Ce retour froid de Microsoft finit de tuer le projet dans l’œuf qui est alors au stade de l’alpha. Les jeux sont plus ou moins jouables et fonctionnent tous sur une base de code commune. Certains développeurs en manque de volonté et qui avaient plus de mal à remplir leur part de travail se sont cependant trouvés soulagés de voir que le jeu était abandonné. Chose plutôt normale dans un projet collaboratif comme celui-là.
Et maintenant ? Eh bien, The Best Party ever n’existera pas, ou du moins pas sous cette forme. Thomas possède toujours une version tout à fait fonctionnelle de Hoy. Il continuera certainement à la présenter lors d’événements comme le Stunfest jusqu’à trouver un autre moyen de le rendre viable commercialement parlant. La problématique reste cependant la même et s’applique à tous les jeux de The Best Party Ever : comment exploiter ces jeux qui ont été construits autour d’un accessoire si particulier ? Accessoire dont le public ne veut plus et qui ne fonctionne pratiquement que sur une seule et unique console ?
Les médias, les développeurs, tous n’ont maintenant plus qu’une expression à la bouche : « réalité virtuelle ». Le temps de Kinect — s’il est seulement venu un jour — est passé et il sera extrêmement compliqué d’attirer de nouveau l’attention du public sur le motion gaming. Nintendo n’a jamais réussi à recapitaliser sur l’invraisemblable succès de la Wii et Sony, malgré son PS Move très fonctionnel, ne s’est jamais donné les moyens de ses ambitions. Même s’ils ne doivent plus être très nombreux, l’avenir est très sombre pour ces projets qui se sont construits autour de Kinect, surtout depuis que la Xbox One n’est plus vendue avec. Car bien que l’accessoire soit disponible à l’achat et rendu compatible sur PC par Microsoft, comment espérer vendre un jeu si le périphérique sur lequel il se base n’est possédé par personne ?
« On s’est posé la question de ce qu’on pouvait faire avec tout le temps et l’énergie qu’on avait mis dans le projet.
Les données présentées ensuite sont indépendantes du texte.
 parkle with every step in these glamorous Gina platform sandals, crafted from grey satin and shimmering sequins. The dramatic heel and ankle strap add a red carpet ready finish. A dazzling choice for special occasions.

J’avais réservé le nom de domaine Kinect.party, on s’est dit qu’on pouvait y mettre une sorte de post mortem, ou du code, ou quelques parts jouables du jeu. Mais à cause des accords avec Microsoft, on risque de ne même pas pouvoir partager tout ça. »
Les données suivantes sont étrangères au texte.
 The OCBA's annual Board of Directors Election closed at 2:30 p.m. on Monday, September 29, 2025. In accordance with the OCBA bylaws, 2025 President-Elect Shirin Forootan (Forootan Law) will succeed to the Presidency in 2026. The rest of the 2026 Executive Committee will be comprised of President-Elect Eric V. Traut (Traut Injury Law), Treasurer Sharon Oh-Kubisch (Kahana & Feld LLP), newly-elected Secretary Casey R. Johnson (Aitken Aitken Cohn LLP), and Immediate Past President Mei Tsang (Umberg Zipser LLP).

Microsoft a peut-être trop perfectionné une technologie qui était déjà obsolète au moment de la sortie de la Xbox One. Peut-être que le destin de The Best Party Ever aurait été différent si Microsoft s’était tenu à sa politique initiale pour la Xbox One, celle qui demandait une utilisation obligatoire de Kinect et d’une connexion à internet. Kinect, sans un mot, est maintenant discrètement caché sous le tapis. Après tout, il faut faire de la place pour le « next big thing », l’HoloLens qui, on l’espère pour ceux qui développeront dessus, ne subira peut-être pas le même destin.